Write out the entries below exactly, but only from the line containing "В Тюмени рейсовый" through the line containing "På steder hvor", and without the pictures.
Data for review section start
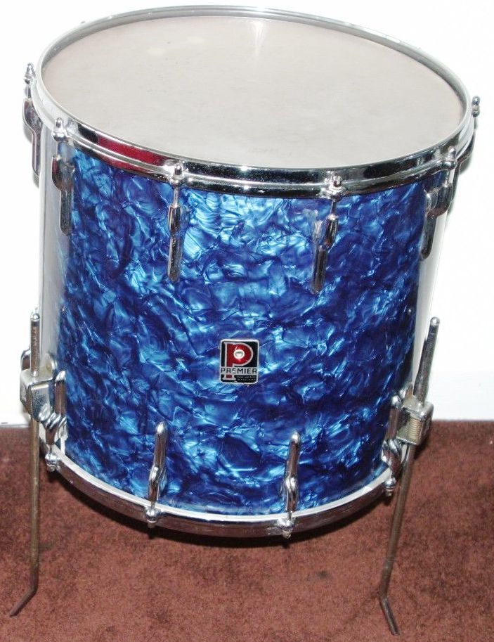 The floor tom is pre international 16". Probably the way the seller took pics. The snare is a premier 2000 but was wrapped to match professionally in London 1968. The kit was bought 1964 then this snare was added later. The original snare was sold separate which was the royal ace. A great bit of history. Plus have all the original 1960's flush base stands and zildjian cymbals. In the pics the stands etc etc are not original all cymbals and flush base are in a drum case. I must set this up its like ringos with the 18" crash ride and 20"crash ride and 14" hats. I also got all the premier drum cases with the kit. But wrong colour. A real piece of 1960's premier drum history. They will go on sale but I just cant let em go yet I love the sound. Even the heads apart from bass drum are original ever play.
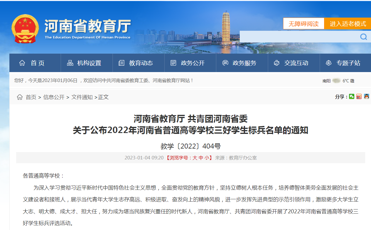 近日,河南省教育厅、共青团河南省委公布2022年河南省普通高等学校三好学生标兵名单,我校丁玉冰同学荣获河南省普通高等学校三好学生标兵荣誉称号。此次活动由河南省教育厅、共青团河南省委主办,大力展示当代青
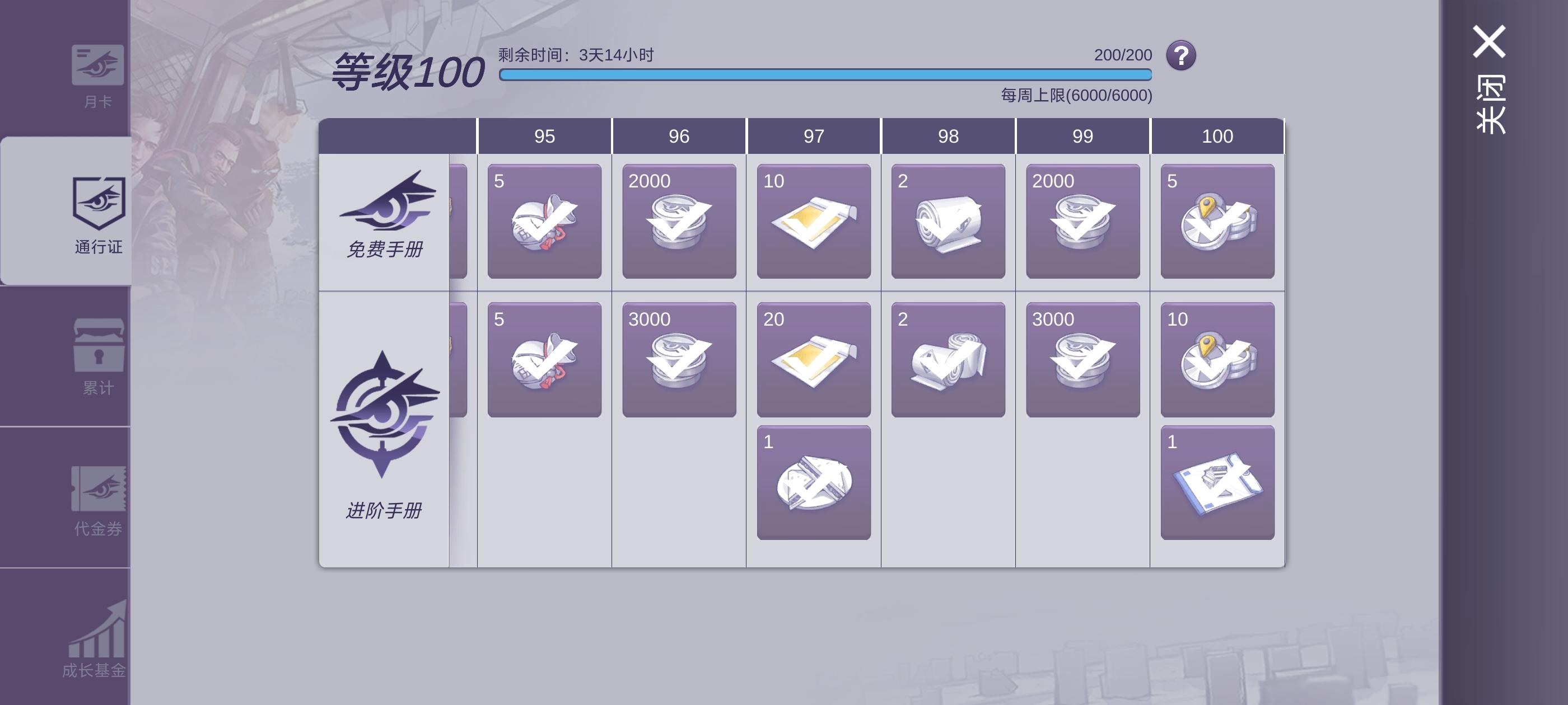 以上的98的周通行证,月卡以及月通行证如果你都想一直买且不被劝退的话,就可以开始接着吃史了。
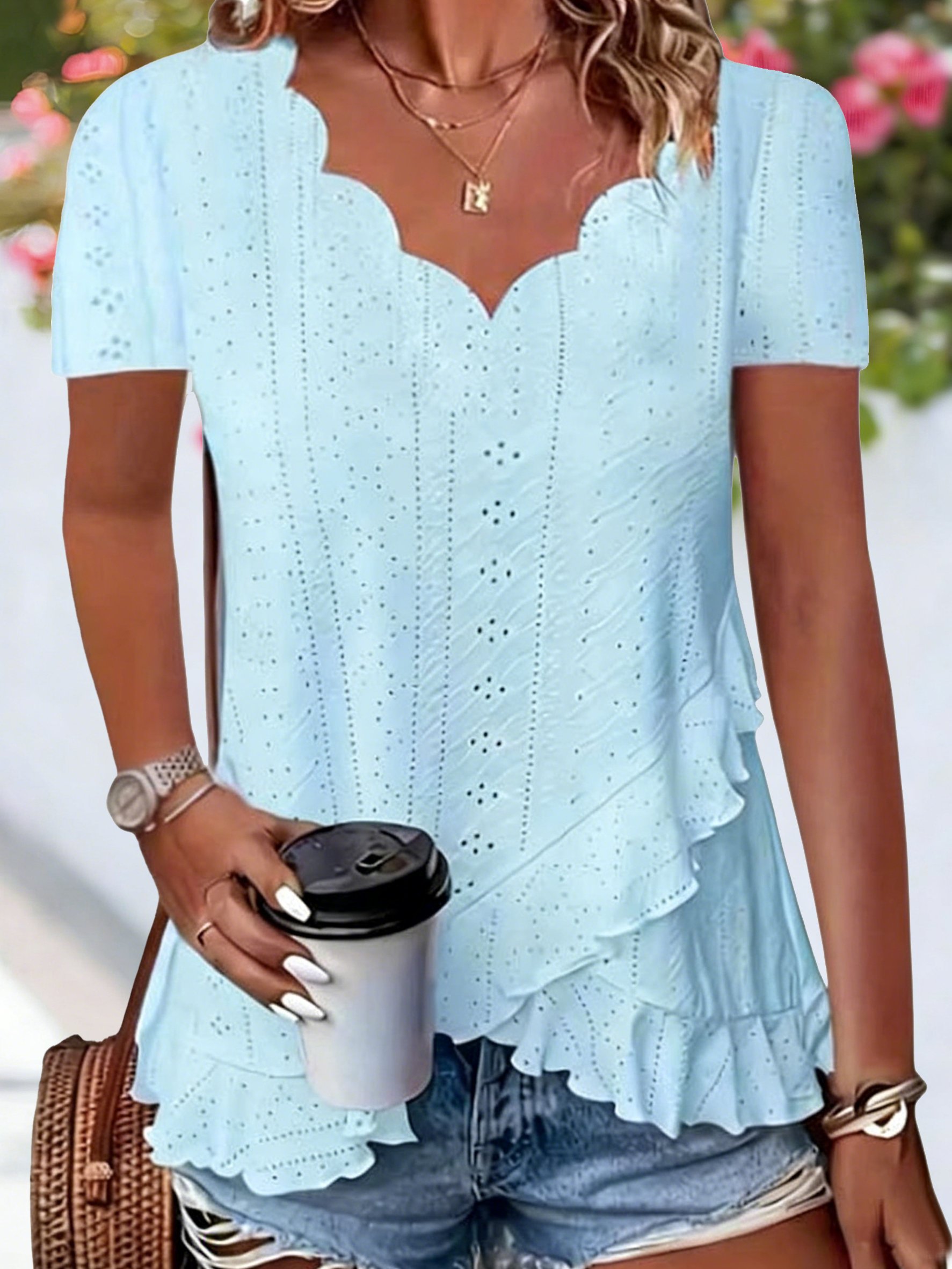 V-Ausschnitt Kurzarm Unifarben Regelmäßig Mikroelastizität Regelmäßige Passform Bluse für Damen
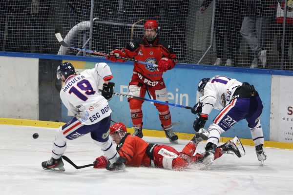 Puh, das schmerzt! Unsere Jungs kämpfen sich nach einem 3-Tore-Rückstand zurück in das Spiel, geben es dann aber kurz vor Schluss wieder aus der Hand und scheiden somit im zweiten Spiel der Halbfinal-Play-Offs gegen den ESC Dorfen aus.
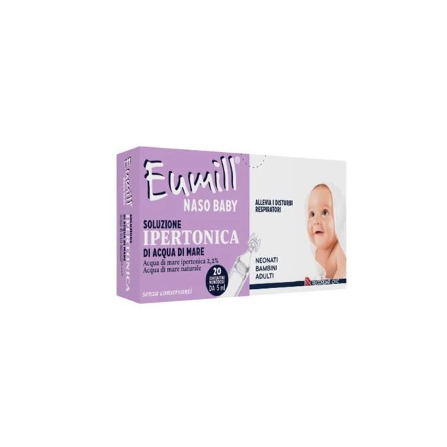 Soluzione sterile di acqua di mare ipertonica. La sua formula naturale è indicata nel neonato, nel bambino e nell'adulto per idratare e dare sollievo alle vie respiratorie in caso di congestione, disturbi ostruttivi, respiro affannoso o tosse cronica. L'azione osmotica di Eumill Naso Baby soluzione ipertonica agevola la fluidificazione e l'eliminazione del muco in eccesso, favorendo lo spostamento delle secrezioni all'interno delle vie respiratorie. Eumill Naso Baby soluzione ipertonica contribuisce al recupero del benessere respiratorio e migliora la qualità della vita. La soluzione Eumill Naso Baby soluzione ipertonica può essere utilizzata mediante terapia inalatoria o aerosolterapia.
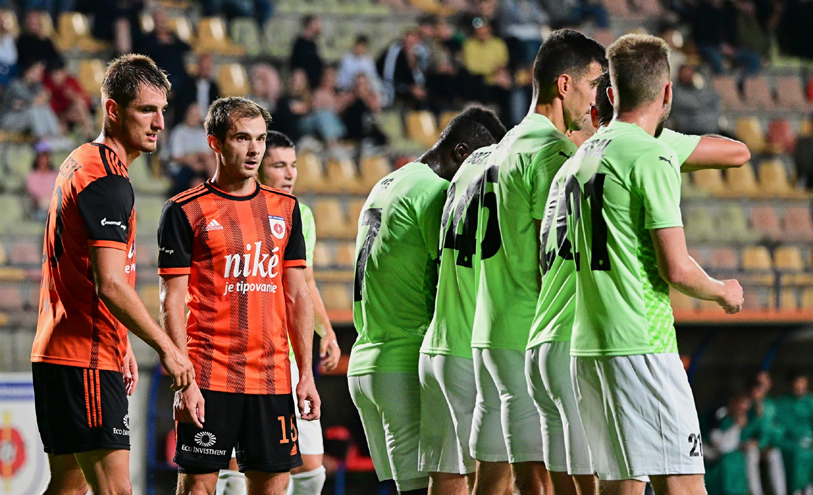 V 5. minúte Chobot vystrelil z hranice veľkého vápna, no zakončenie spoza hradby tiel chytil Junas. O dvanásť minút Gabriel po rohovom kope hlavičkoval nad brvno. V 21. minúte na opačnej strane si najskôr Frühwald poradil s nepríjemnou strelou Rudzana, no už po chvíli Gabriel nešťastne usmernil loptu do vlastnej brány – 1:0. Po deviatich minútach domáci zblokovali Hladíkovu strelu tesne vedľa bližšej žrde. V 36. minúte po sérii domácich rohových kopov hlavičkoval Smékal nad brvno. O osem minút Gerec z uhla minul bránu. Na konci polčasu sa Gaži ocitol vo veľkej šanci a jeho strelu vyrazil Frühwald.
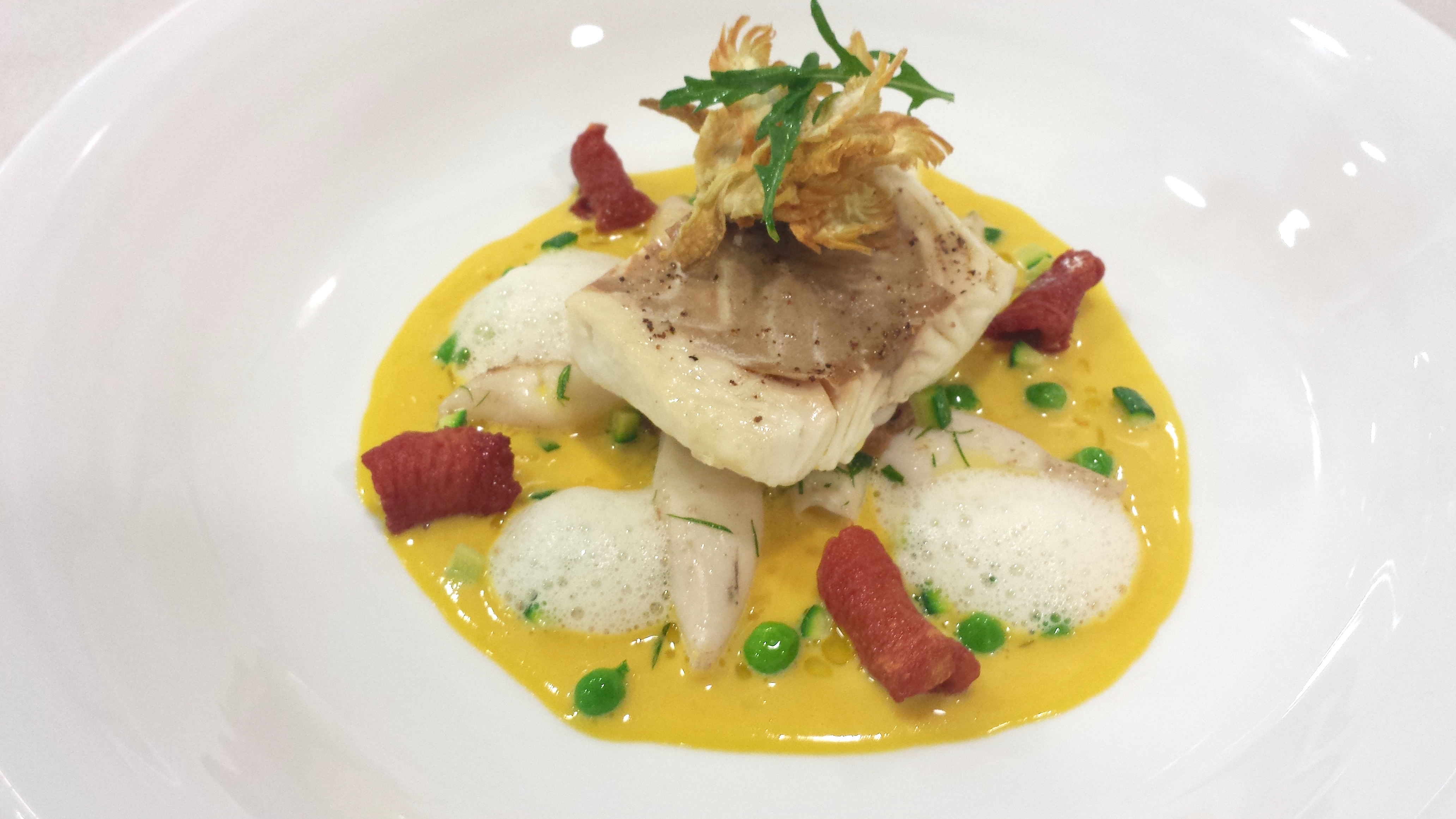 Recette de la semaine : Filet de loup cuit au four, pistes de pays juste poêlés, jus safrané et chips d’artichauts.
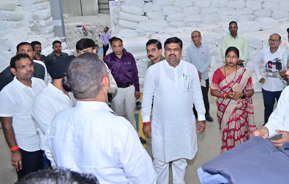 हाथकरघा उद्योग को बढ़ावा देने ग्रामोद्योग मंत्री का बुनकर संघ गोदाम दौरा
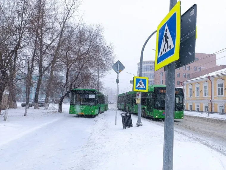 В Тюмени рейсовый автобус вынесло на тротуар. Фото
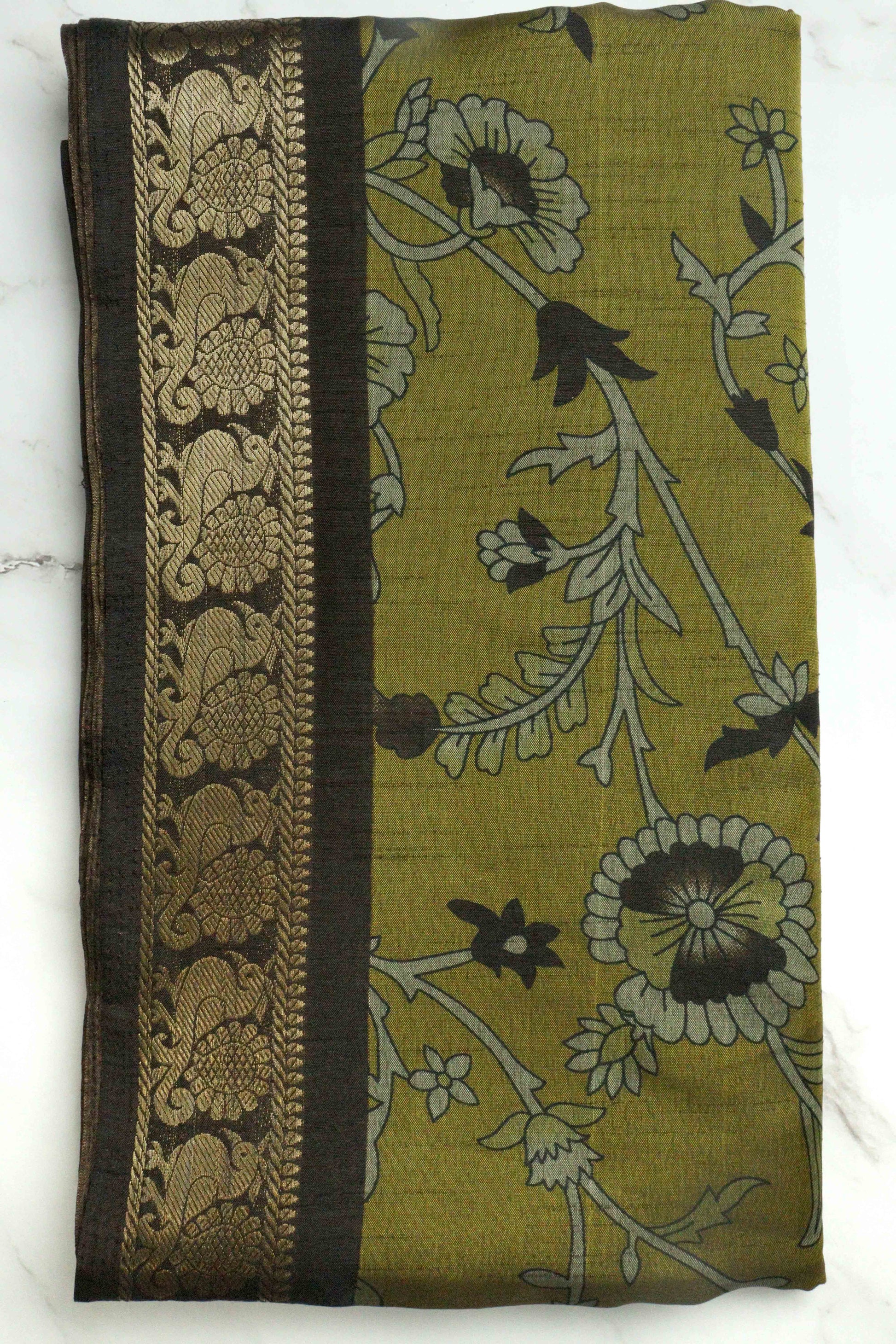 DCMS39 Mustard Green Maheshwari Silk Sarees with Narayanapattu Border & Kalamkari Print
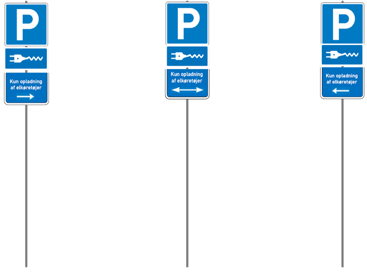 På steder hvor der er opsat en ladestander, men intet skilt med elbilsymbol, kan alle køretøjer parkere.
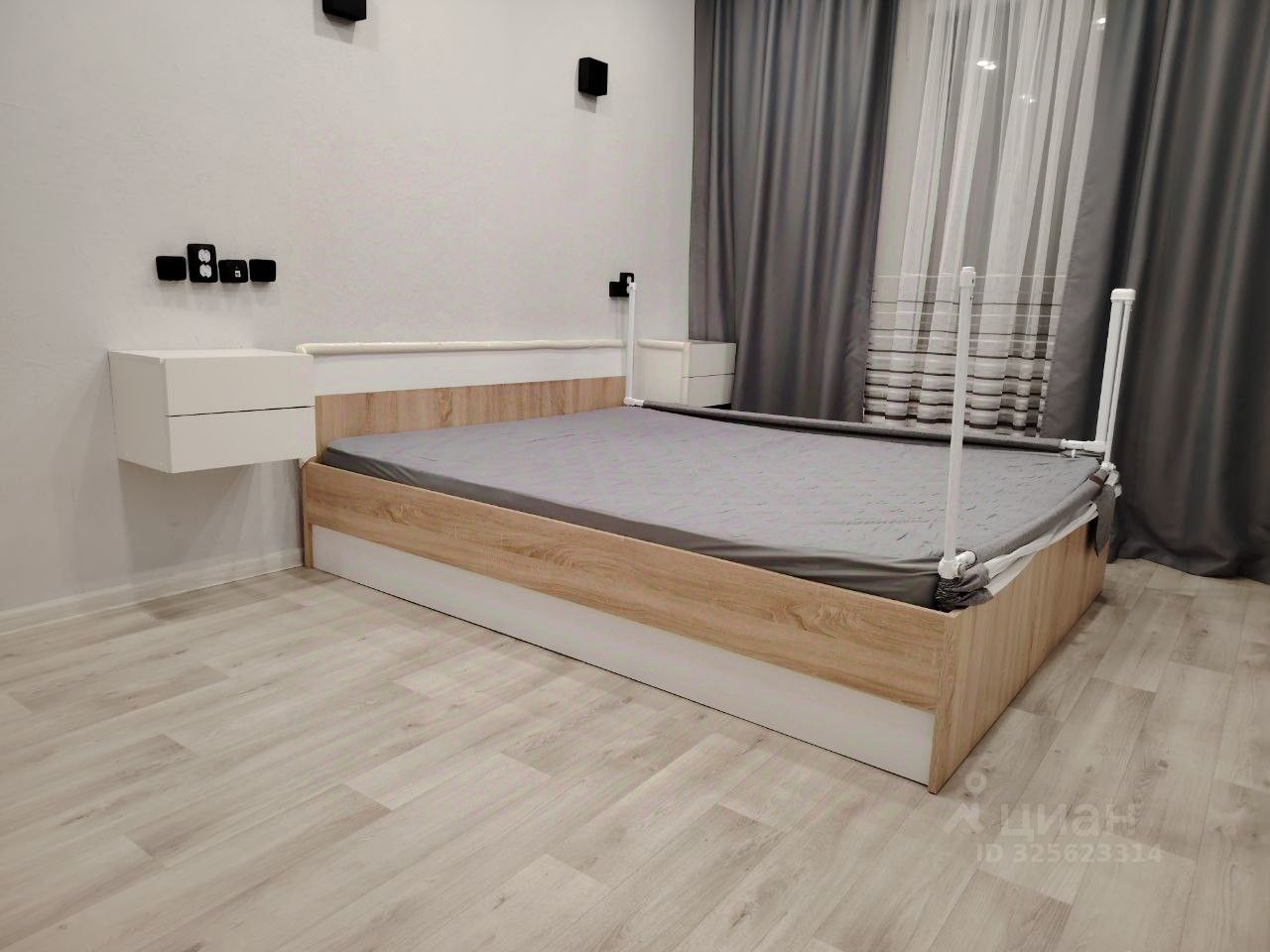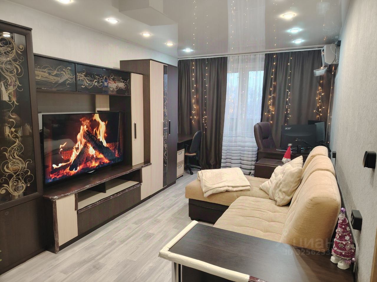 Во всей квартире натяжные потолки, много света, в прихожей — встроенный шкаф. Дополнительно установлены: кондиционер, фильтры на воду, полотенцесушитель, водонагреватель, посудомоечная машина 60 см. Стойки по углам кровати, парящие свечи в спальне, лента безопасности с мебели снимаются.
Data for review section end
§ **Exercise output**
 В Тюмени рейсовый автобус вынесло на тротуар. Фото
 DCMS39 Mustard Green Maheshwari Silk Sarees with Narayanapattu Border & Kalamkari Print
 På steder hvor der er opsat en ladestander, men intet skilt med elbilsymbol, kan alle køretøjer parkere.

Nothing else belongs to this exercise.